Record extracts Block Start
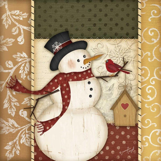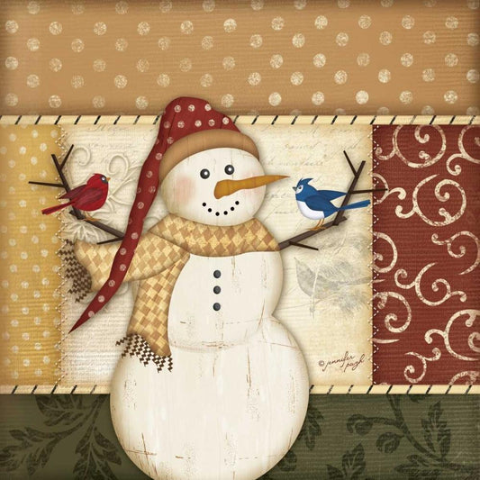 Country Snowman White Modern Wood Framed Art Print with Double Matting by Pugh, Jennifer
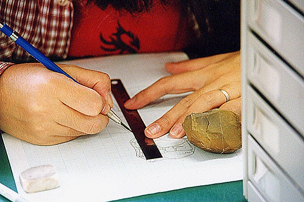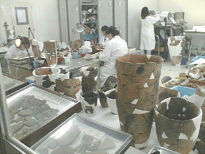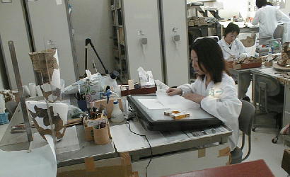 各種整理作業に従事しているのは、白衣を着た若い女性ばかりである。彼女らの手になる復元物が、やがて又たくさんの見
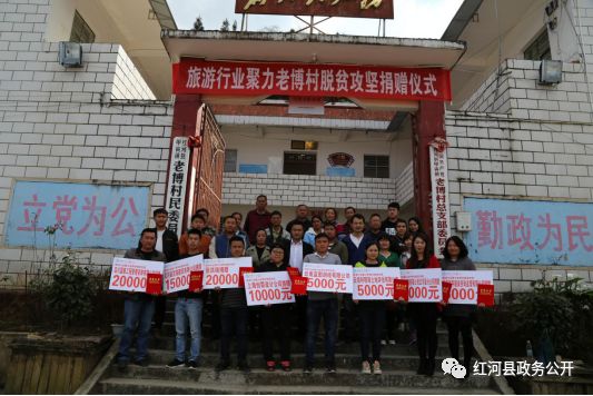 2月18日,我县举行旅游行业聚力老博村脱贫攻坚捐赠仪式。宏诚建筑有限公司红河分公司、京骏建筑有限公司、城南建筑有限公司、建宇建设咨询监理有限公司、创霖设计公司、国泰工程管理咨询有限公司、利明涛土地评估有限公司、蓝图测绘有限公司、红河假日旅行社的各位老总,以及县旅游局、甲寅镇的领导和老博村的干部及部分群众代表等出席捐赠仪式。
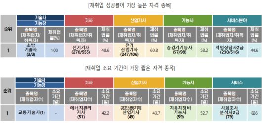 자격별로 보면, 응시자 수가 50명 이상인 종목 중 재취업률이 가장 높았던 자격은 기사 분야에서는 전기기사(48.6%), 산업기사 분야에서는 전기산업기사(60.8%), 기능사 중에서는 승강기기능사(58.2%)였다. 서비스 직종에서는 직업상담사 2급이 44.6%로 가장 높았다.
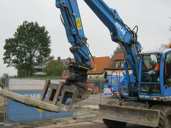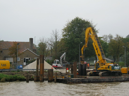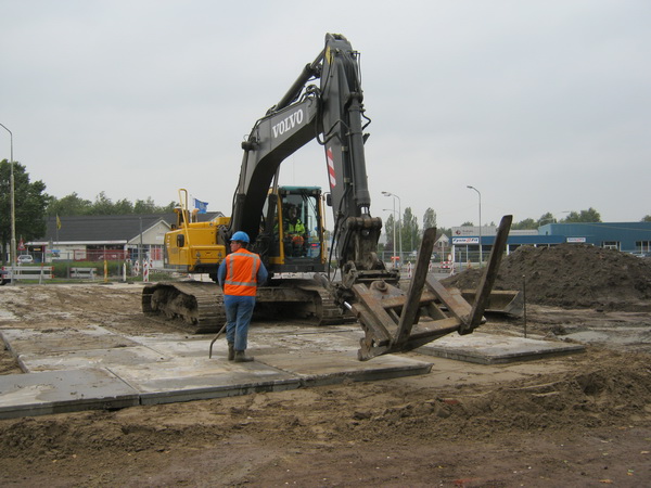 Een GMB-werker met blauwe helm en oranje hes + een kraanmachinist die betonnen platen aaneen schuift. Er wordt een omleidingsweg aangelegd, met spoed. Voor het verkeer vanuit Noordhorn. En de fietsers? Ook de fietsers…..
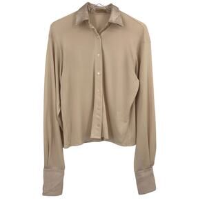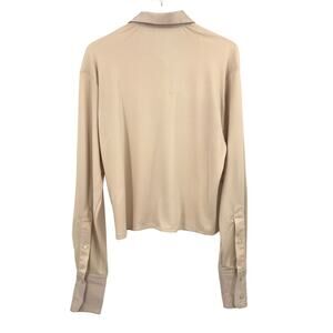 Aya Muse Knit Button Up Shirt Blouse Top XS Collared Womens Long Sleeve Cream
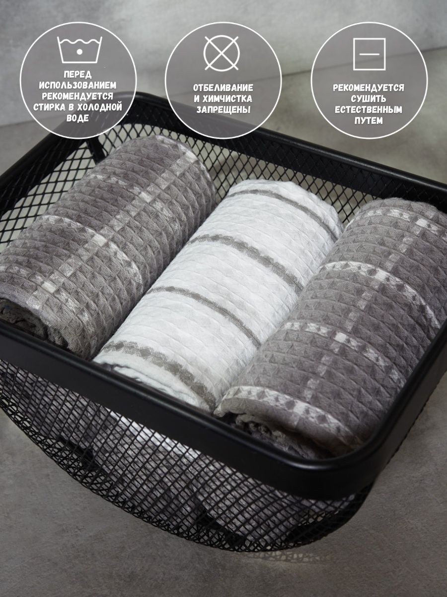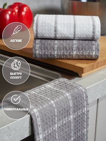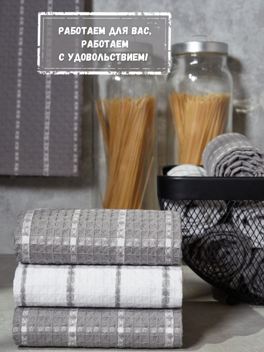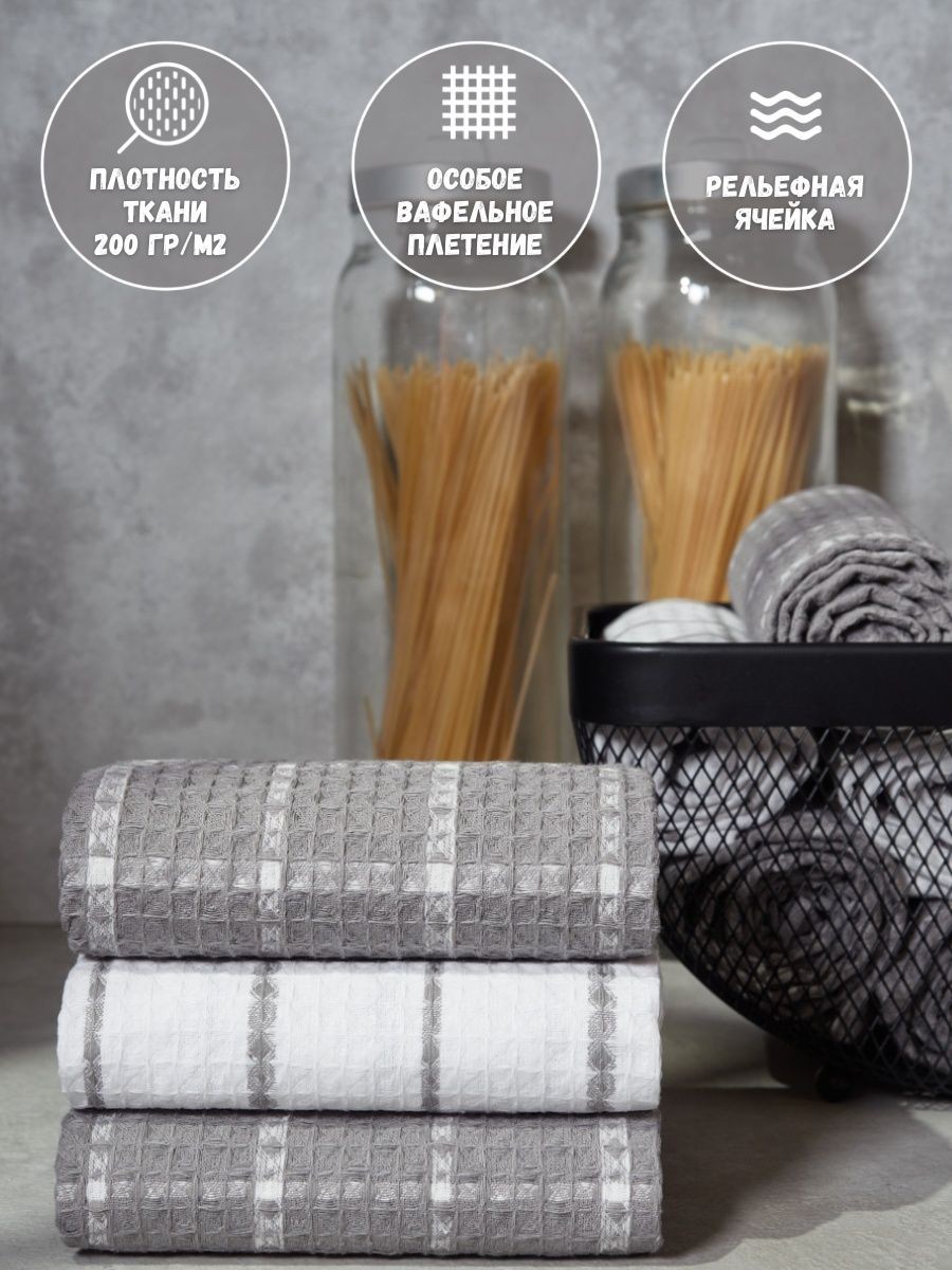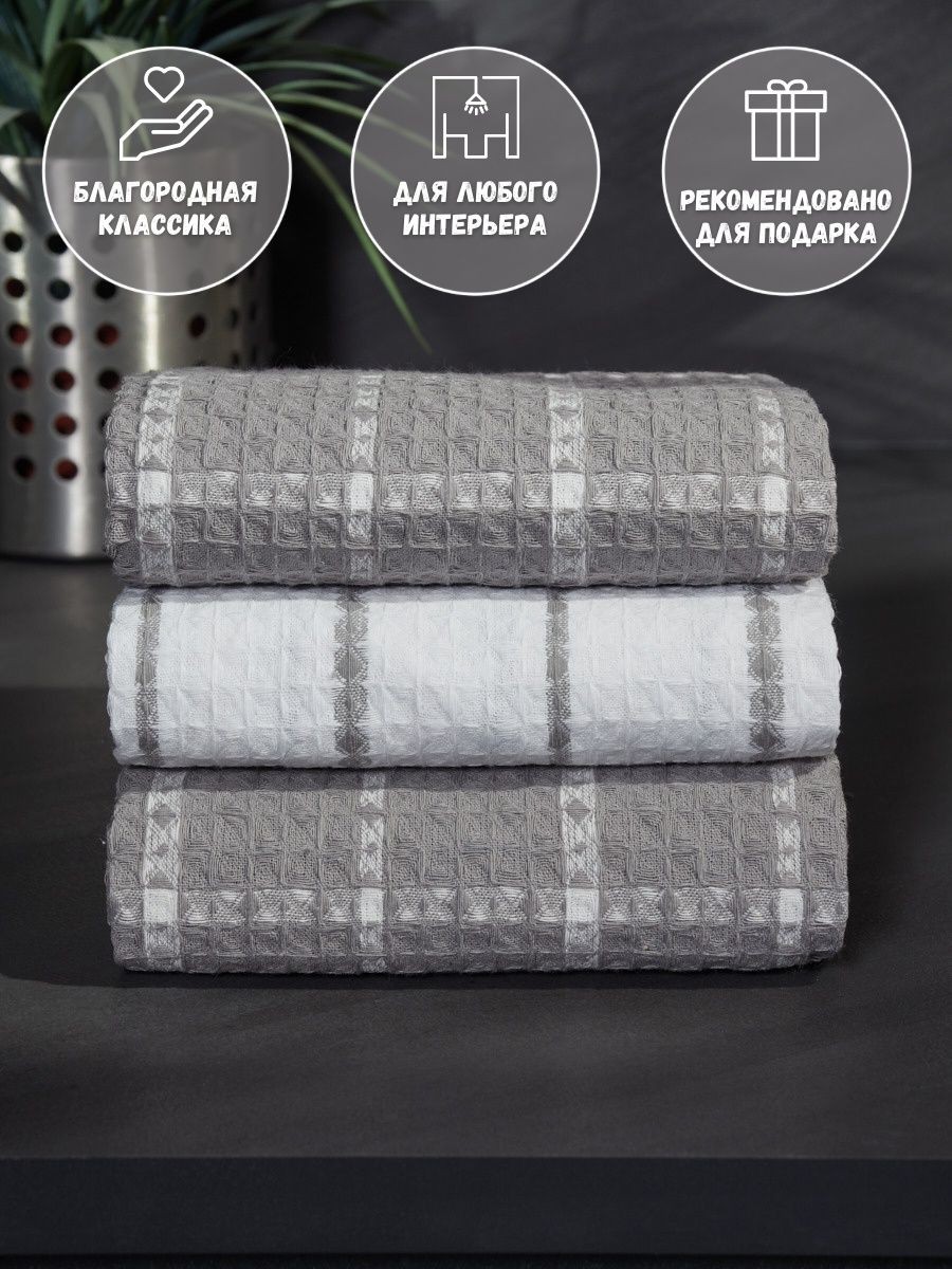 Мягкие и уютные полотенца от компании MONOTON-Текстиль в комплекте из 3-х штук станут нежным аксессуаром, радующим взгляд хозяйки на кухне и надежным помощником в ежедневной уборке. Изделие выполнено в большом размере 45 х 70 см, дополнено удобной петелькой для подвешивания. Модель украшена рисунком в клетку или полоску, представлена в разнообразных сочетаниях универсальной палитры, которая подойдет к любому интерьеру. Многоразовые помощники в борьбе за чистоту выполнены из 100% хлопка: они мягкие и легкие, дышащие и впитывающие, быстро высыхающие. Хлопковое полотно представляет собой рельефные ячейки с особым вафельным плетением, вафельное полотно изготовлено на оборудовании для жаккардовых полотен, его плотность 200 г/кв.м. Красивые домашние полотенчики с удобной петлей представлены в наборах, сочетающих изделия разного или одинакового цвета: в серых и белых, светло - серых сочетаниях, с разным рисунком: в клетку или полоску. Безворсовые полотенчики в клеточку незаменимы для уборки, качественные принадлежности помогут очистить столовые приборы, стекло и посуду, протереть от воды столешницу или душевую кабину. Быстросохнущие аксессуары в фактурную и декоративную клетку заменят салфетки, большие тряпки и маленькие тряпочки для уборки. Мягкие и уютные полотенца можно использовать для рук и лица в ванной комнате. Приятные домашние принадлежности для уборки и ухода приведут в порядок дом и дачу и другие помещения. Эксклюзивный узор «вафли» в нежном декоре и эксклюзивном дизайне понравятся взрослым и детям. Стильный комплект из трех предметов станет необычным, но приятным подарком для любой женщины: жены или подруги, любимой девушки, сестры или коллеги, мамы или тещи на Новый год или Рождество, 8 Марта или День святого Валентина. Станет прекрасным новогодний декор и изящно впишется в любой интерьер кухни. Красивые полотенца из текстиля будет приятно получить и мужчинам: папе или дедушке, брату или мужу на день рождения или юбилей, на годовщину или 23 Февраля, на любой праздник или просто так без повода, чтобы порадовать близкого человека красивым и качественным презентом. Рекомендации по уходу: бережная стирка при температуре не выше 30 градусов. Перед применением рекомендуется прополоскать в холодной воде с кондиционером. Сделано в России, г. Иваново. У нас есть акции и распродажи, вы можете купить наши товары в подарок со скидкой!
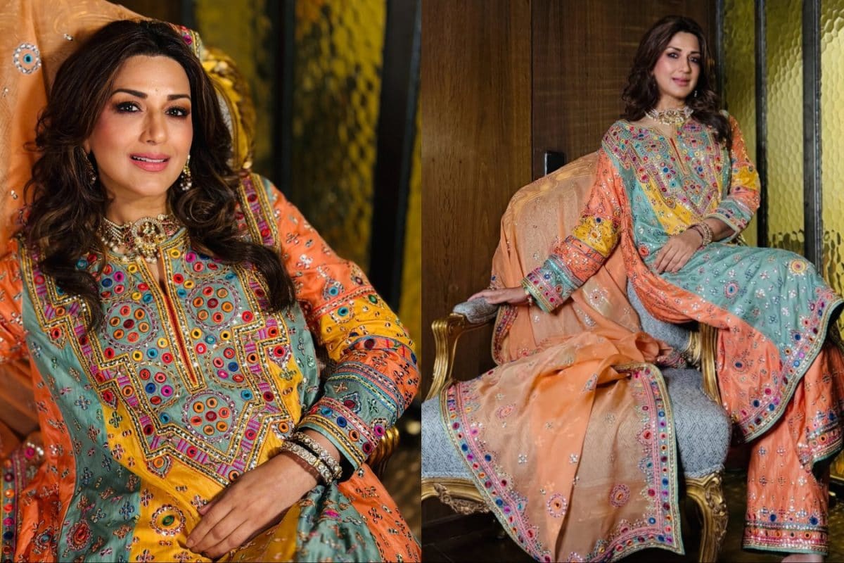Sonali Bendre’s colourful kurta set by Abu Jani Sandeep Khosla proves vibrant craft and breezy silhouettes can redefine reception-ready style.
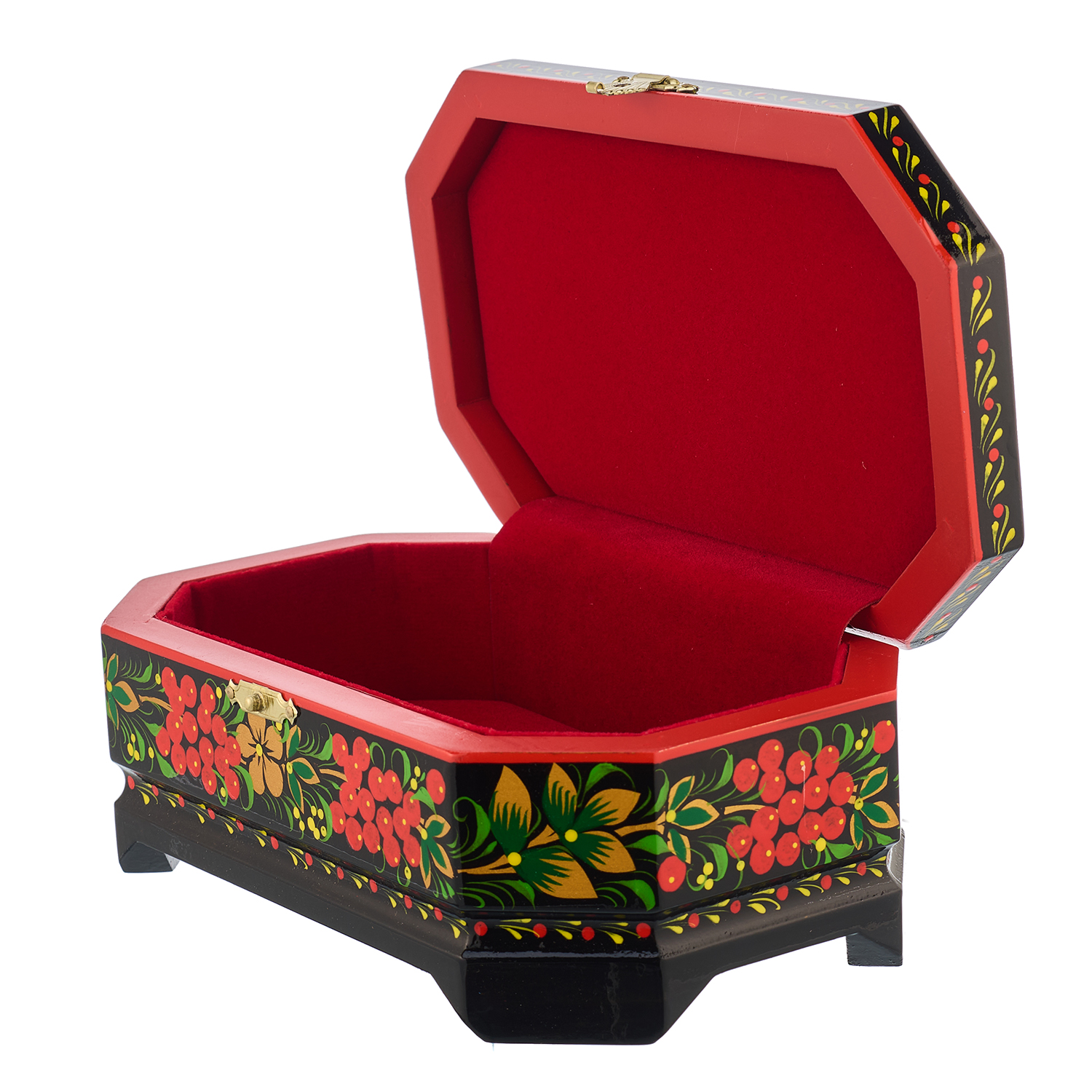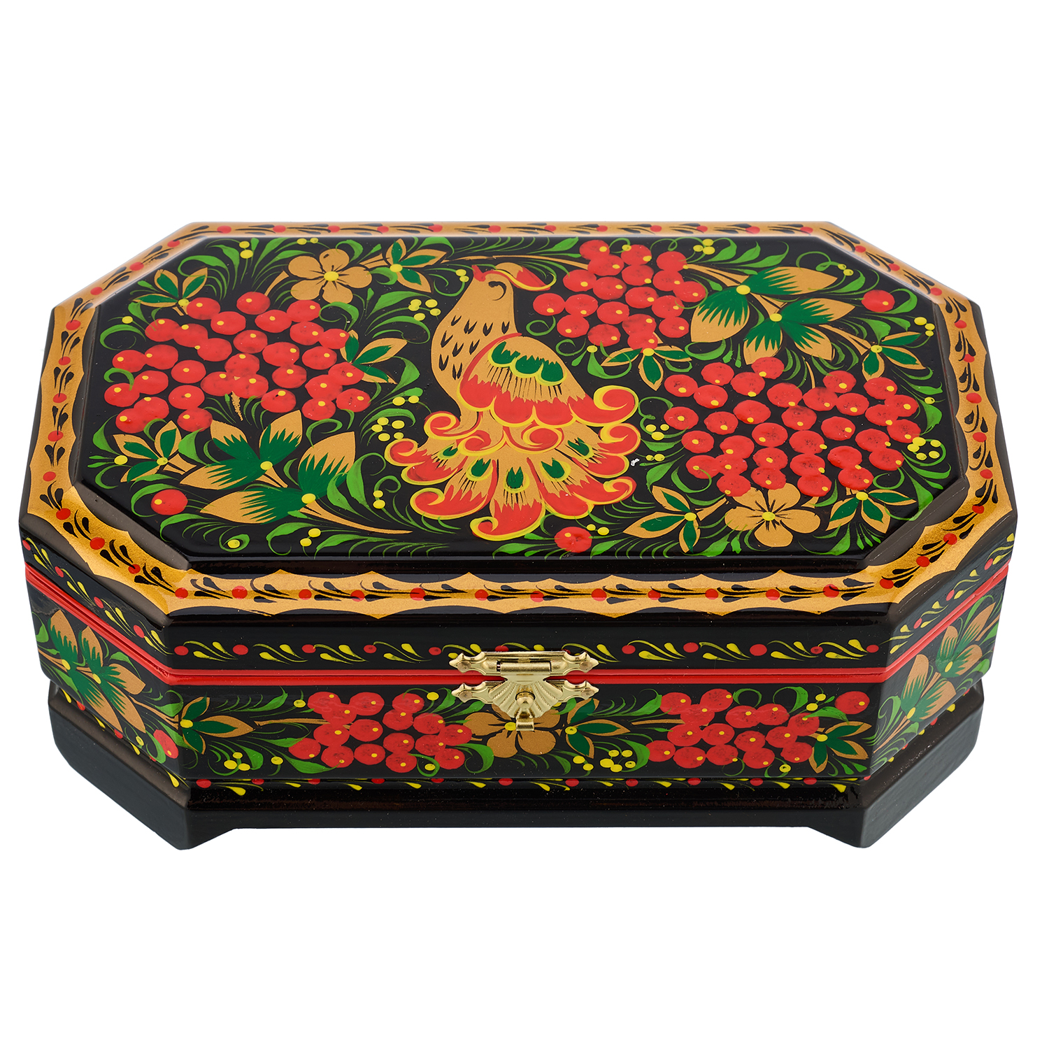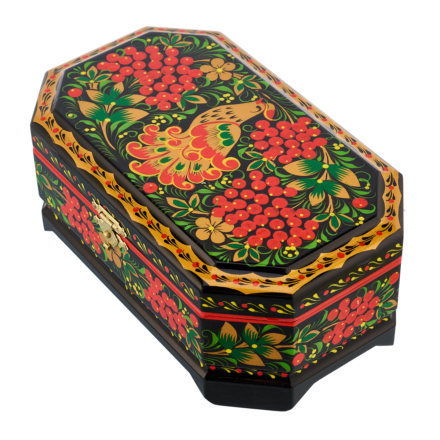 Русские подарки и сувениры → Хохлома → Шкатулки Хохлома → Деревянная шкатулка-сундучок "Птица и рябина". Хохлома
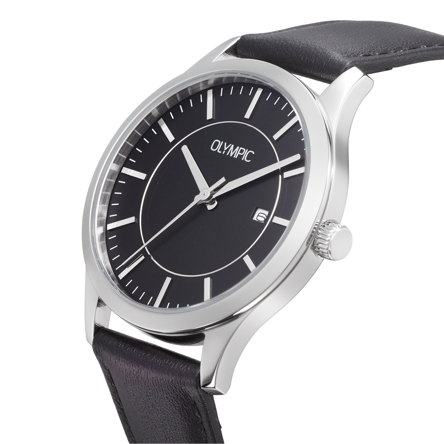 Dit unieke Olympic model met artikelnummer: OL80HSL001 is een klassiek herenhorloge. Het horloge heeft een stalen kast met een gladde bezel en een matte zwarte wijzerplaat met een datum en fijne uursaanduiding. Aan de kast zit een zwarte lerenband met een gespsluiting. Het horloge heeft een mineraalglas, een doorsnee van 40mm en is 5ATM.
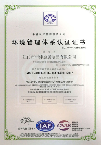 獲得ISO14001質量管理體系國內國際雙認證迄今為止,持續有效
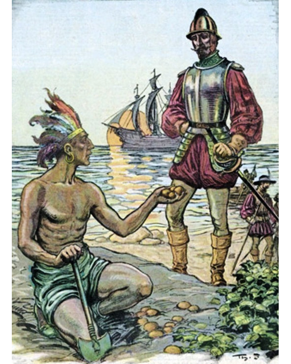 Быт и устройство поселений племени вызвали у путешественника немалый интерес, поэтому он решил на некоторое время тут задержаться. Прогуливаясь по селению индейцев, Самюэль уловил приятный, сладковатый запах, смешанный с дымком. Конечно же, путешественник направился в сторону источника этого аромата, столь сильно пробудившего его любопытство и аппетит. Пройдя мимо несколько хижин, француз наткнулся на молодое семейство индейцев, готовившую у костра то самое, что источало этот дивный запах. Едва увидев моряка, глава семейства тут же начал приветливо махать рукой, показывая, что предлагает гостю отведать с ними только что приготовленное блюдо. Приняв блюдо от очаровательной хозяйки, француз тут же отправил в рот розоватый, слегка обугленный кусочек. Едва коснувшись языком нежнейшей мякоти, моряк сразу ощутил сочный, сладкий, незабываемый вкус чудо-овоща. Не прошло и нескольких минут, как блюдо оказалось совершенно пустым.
Record extracts Block End
Your goal
Because only one stretch of the records is wanted, please output the lines from the one holding "Een GMB-werker met" through the one holding "Aya Muse Knit" exactly, both included, and leave every picture out.

Exercise response
 Een GMB-werker met blauwe helm en oranje hes + een kraanmachinist die betonnen platen aaneen schuift. Er wordt een omleidingsweg aangelegd, met spoed. Voor het verkeer vanuit Noordhorn. En de fietsers? Ook de fietsers…..
 Aya Muse Knit Button Up Shirt Blouse Top XS Collared Womens Long Sleeve Cream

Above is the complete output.